Thursday, September 18, 2014

Cooking Demo Sept 13, 2014 Recipe Two



Chicken Breasts in Pie Crust with Chopped Pecan Topping

3 large Chicken breasts
Sun-dried tomato halves
Stonewall Kitchens Black Olive Tapenade
Fresh Spinach
Chopped Garlic
½ cup Grated Ashe County Romano cheese
3 pie crusts

Cut the chicken into 4 inch pieces and butterfly them.  Cut the pie crust into 4x6 inch strips.  Lay the
Chicken on the crust then add a spinach leaf, sun dried tomato half, a little chopped garlic, ½ teas Black Olive Tapenade and top with grated cheese.  Wrap the crust around the breast and secure with water.
Cover the top with melted butter and sprinkle with finely chopped pecans.  Bake in oven at 425 degrees for about 20 minutes or until golden brown.
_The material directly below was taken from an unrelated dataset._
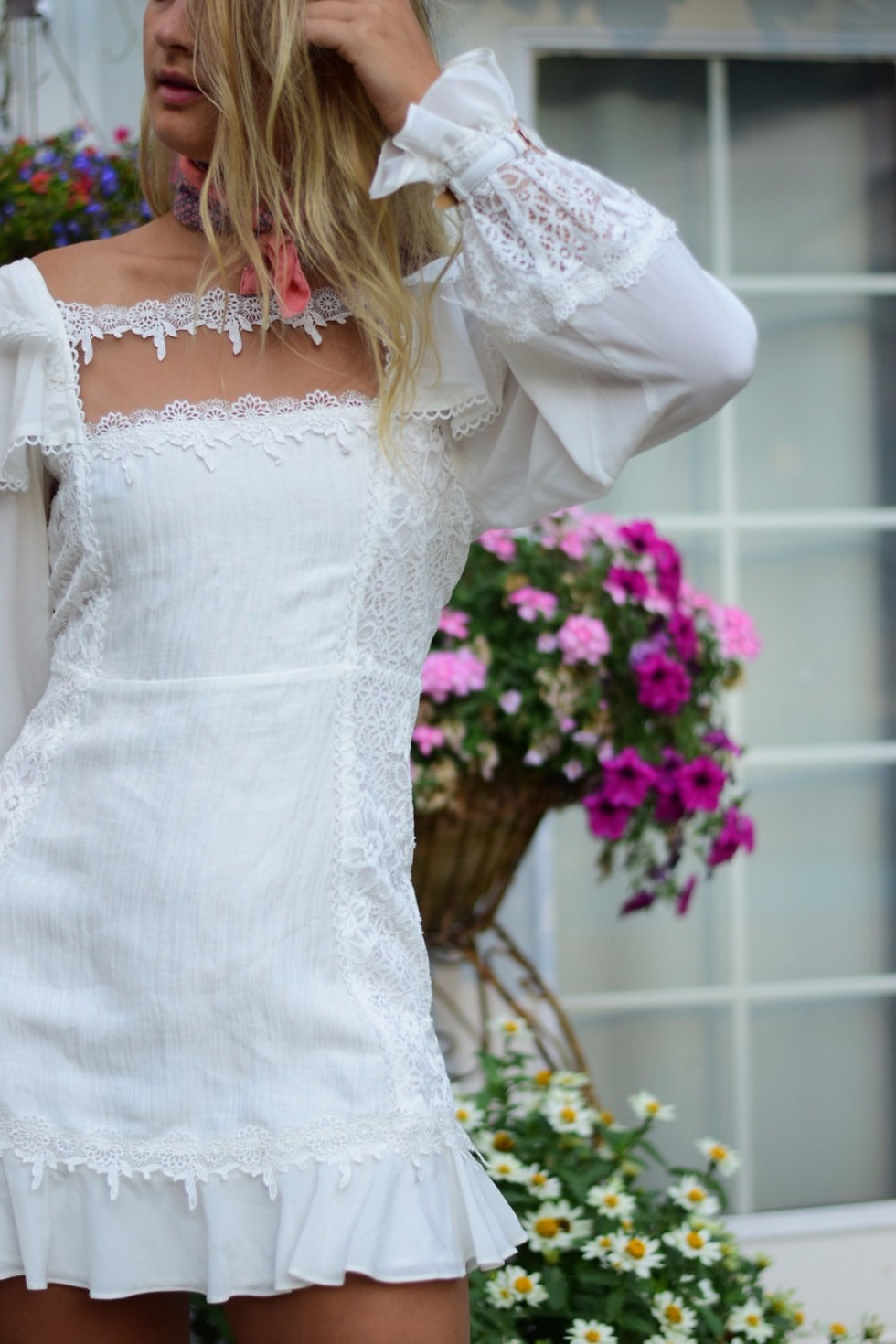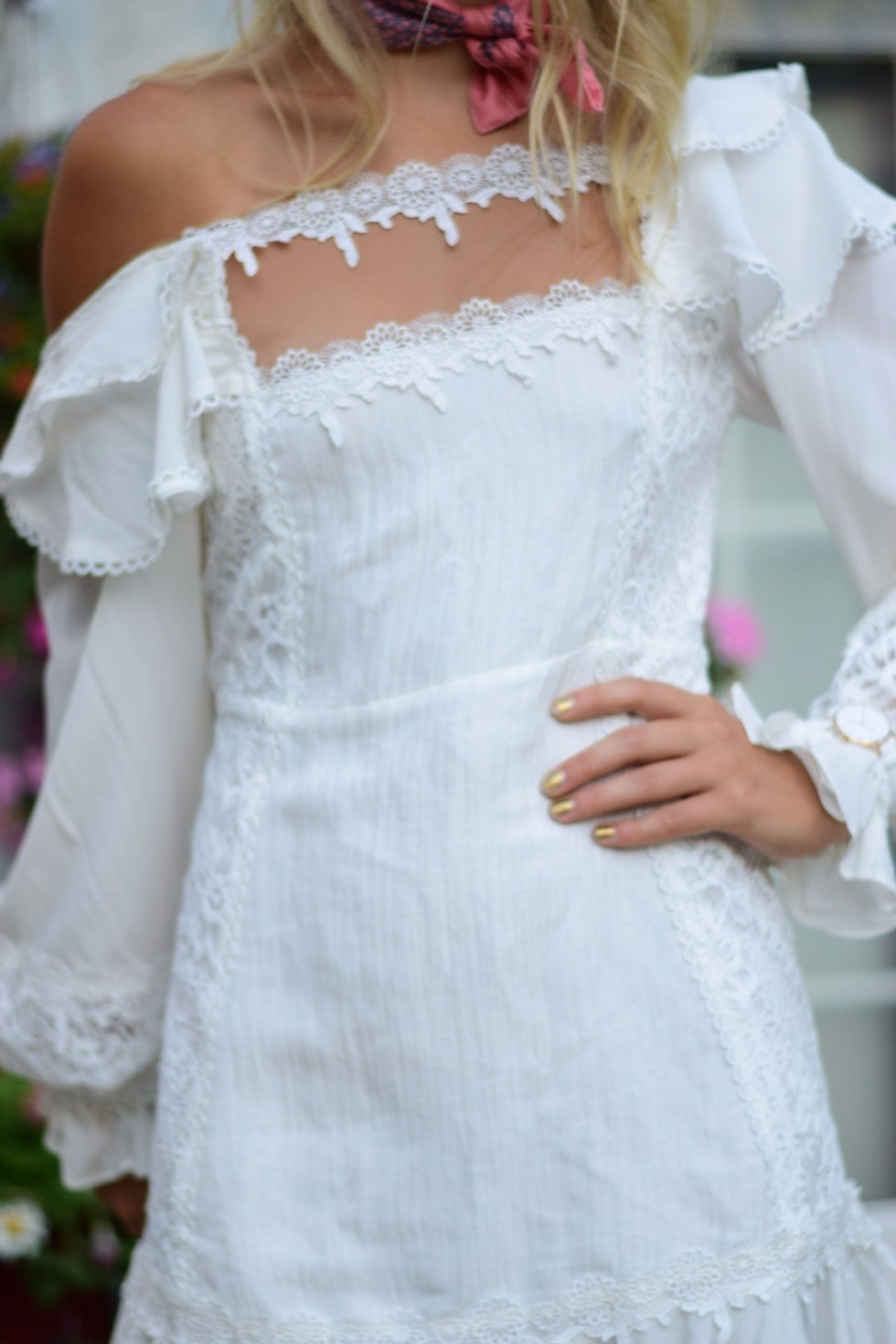 Breaking the rules and wearing white after labor day (hehe). Jk I wore this dress a couple of weeks ago but just decided to share it now. This look is styled around this classic watch from Daniel Wellington. A simple watch is a must-have for any wardrobe because it is a simple and chic accessory you can throw on and immediately look more refined. I really liked this all white version because it is an update on a staple leather band. I wanted to create a look that is different than a normal outfit you'd think to wear with a watch, so I opted for this white long-sleeve boho dress from For Love and Lemons. The look is crisp with the monochrome but it is also very textural with the different fabrics of the dress, the lace, and the leather of the watch. I wore the watch over the sleeve (weird, sorry) so it isn't hidden. To finish, I added a little vintage pink Hermès scarf for some color.

Dip in garlic sauce.

Chicken and Garlic Sauce
1 pkg More Than Gourmet Chicken Demi-Glace
1 cup water
Flour or cornstarch
Garlic
4 ounces white wine

Add the demi-glace and water to a sauce pan.  Heat until dissolved.  Add the wine and 2 T chopped garlic.  Thicken with flour water or cornstarch.